**What is being asked**
What you need to produce from the material below is an exact transcription of the lines from the one with "Initial Letter Q" through the one with "根据公示方案,项目建设内容包", both included, and no other line.

**The records**
····················

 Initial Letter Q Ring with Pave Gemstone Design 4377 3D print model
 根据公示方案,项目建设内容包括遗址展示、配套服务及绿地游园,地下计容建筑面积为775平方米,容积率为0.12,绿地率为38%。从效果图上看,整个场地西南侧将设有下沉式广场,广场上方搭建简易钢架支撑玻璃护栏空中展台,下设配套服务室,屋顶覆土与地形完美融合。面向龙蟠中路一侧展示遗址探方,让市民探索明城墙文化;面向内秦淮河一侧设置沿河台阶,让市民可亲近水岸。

····················

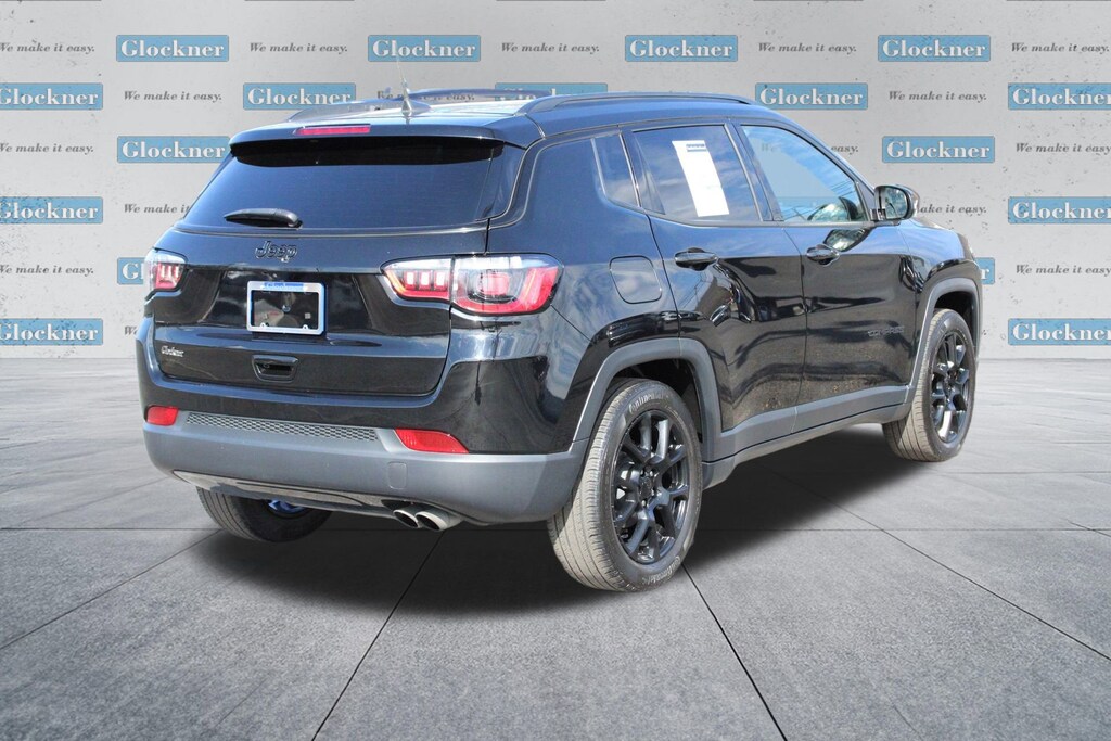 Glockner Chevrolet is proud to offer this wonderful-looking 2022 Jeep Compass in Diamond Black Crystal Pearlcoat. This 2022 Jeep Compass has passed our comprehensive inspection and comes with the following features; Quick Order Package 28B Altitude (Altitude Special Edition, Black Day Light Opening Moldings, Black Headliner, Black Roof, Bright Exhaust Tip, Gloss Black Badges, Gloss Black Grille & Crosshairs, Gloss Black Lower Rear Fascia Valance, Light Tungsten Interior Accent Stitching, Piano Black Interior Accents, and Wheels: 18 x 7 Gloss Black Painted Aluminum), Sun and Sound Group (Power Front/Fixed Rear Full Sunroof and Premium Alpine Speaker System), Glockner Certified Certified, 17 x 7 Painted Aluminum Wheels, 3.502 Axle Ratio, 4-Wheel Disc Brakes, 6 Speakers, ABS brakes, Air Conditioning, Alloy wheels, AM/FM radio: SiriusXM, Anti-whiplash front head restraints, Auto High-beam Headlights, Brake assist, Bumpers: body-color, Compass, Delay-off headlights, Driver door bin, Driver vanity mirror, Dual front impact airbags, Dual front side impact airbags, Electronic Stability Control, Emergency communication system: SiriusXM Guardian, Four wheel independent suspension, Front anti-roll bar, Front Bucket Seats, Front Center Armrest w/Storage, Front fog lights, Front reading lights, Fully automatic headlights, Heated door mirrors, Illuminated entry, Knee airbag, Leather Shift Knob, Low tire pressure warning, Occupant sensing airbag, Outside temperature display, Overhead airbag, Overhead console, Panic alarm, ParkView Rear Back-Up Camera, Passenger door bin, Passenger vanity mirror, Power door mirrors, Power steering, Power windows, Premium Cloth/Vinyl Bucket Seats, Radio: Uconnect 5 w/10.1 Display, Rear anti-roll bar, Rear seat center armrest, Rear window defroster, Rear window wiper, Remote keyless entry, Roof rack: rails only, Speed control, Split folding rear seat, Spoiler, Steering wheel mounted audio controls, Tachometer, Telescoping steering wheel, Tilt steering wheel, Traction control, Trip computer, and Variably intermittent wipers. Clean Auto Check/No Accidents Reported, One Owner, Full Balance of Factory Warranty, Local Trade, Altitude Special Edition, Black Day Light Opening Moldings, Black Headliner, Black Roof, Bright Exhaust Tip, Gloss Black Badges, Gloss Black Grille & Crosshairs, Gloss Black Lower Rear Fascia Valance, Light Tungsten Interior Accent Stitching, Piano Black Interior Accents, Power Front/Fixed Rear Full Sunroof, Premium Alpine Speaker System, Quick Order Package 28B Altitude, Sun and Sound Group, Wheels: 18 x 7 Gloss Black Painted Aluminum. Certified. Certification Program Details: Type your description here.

····················

**Output of the task**
 Initial Letter Q Ring with Pave Gemstone Design 4377 3D print model
 根据公示方案,项目建设内容包括遗址展示、配套服务及绿地游园,地下计容建筑面积为775平方米,容积率为0.12,绿地率为38%。从效果图上看,整个场地西南侧将设有下沉式广场,广场上方搭建简易钢架支撑玻璃护栏空中展台,下设配套服务室,屋顶覆土与地形完美融合。面向龙蟠中路一侧展示遗址探方,让市民探索明城墙文化;面向内秦淮河一侧设置沿河台阶,让市民可亲近水岸。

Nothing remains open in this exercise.